»»

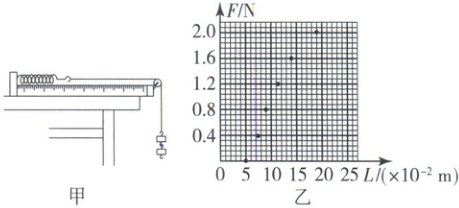 $N/m$(保留2位有效数字)。(3)该同学的测量、记录及描点都规范正确,但图乙中的一个描点$(19cm, 2.0N)$位置明显有偏差,造成这个现象的原因是:
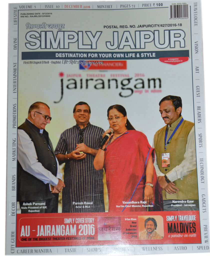 My photo article cum interview with Jaipur’s renowned personality, senior advocate Shri NM Ranka has been published in City’s famous magazine – SIMPLY JAIPUR DECEMBER 2016 Issue.
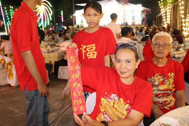 อีกหนึ่งไฮไลต์สำคัญของงาน คือกิจกรรม ประมูลสิ่งของมงคล ไม่ว่าจะเป็น ส้มมงคล โคมไฟเสริมสิริมงคล และต้นไผ่มงคล ซึ่งล้วนเป็นสัญลักษณ์แห่งโชคลาภ ความรุ่งเรือง และความเจริญก้าวหน้า โดยผู้เข้าร่วมงานต่างร่วมประมูลกันอย่างคึกคัก เพื่อนำสิ่งมงคลกลับไปเสริมดวง เสริมบารมีให้กับตนเอง ครอบครัว และกิจการ
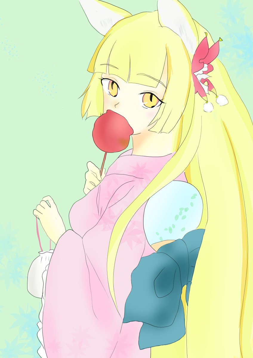 TL企画発動! きちゅねと祭りとリンゴ飴(=゚ω゚)ノ 腰がまだ治ってなくて背景凝る予定を諦めました…くそう( ;∀;) #TLオセロニア #フェスティバルwithオセロニアート #オセロニアート
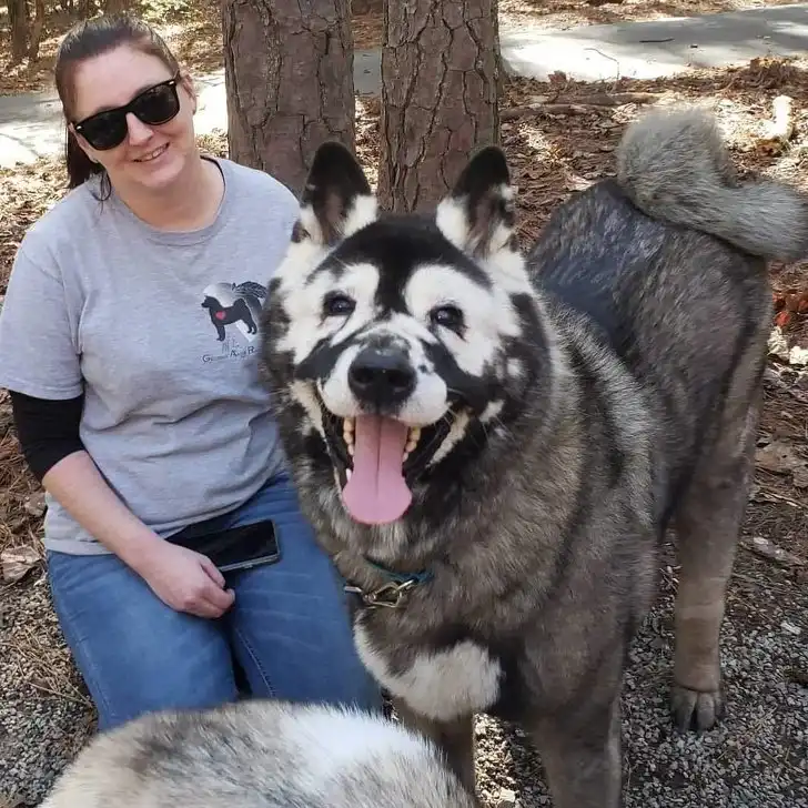 2. Это Джакс со своим человеком. Джакс — акита-ину, который из-за нарушенной пигментации наделен такой необычной «маской» на морде

««

— Aim of the exercise —
From the line containing "อีกหนึ่งไฮไลต์สำคัญของงาน คือกิจกรรม ประมูลสิ่งของมงคล" down to the last line of the data above, transcribe exactly those lines and no others; omit the pictures.

— Response box —
 อีกหนึ่งไฮไลต์สำคัญของงาน คือกิจกรรม ประมูลสิ่งของมงคล ไม่ว่าจะเป็น ส้มมงคล โคมไฟเสริมสิริมงคล และต้นไผ่มงคล ซึ่งล้วนเป็นสัญลักษณ์แห่งโชคลาภ ความรุ่งเรือง และความเจริญก้าวหน้า โดยผู้เข้าร่วมงานต่างร่วมประมูลกันอย่างคึกคัก เพื่อนำสิ่งมงคลกลับไปเสริมดวง เสริมบารมีให้กับตนเอง ครอบครัว และกิจการ
 TL企画発動! きちゅねと祭りとリンゴ飴(=゚ω゚)ノ 腰がまだ治ってなくて背景凝る予定を諦めました…くそう( ;∀;) #TLオセロニア #フェスティバルwithオセロニアート #オセロニアート
 2. Это Джакс со своим человеком. Джакс — акита-ину, который из-за нарушенной пигментации наделен такой необычной «маской» на морде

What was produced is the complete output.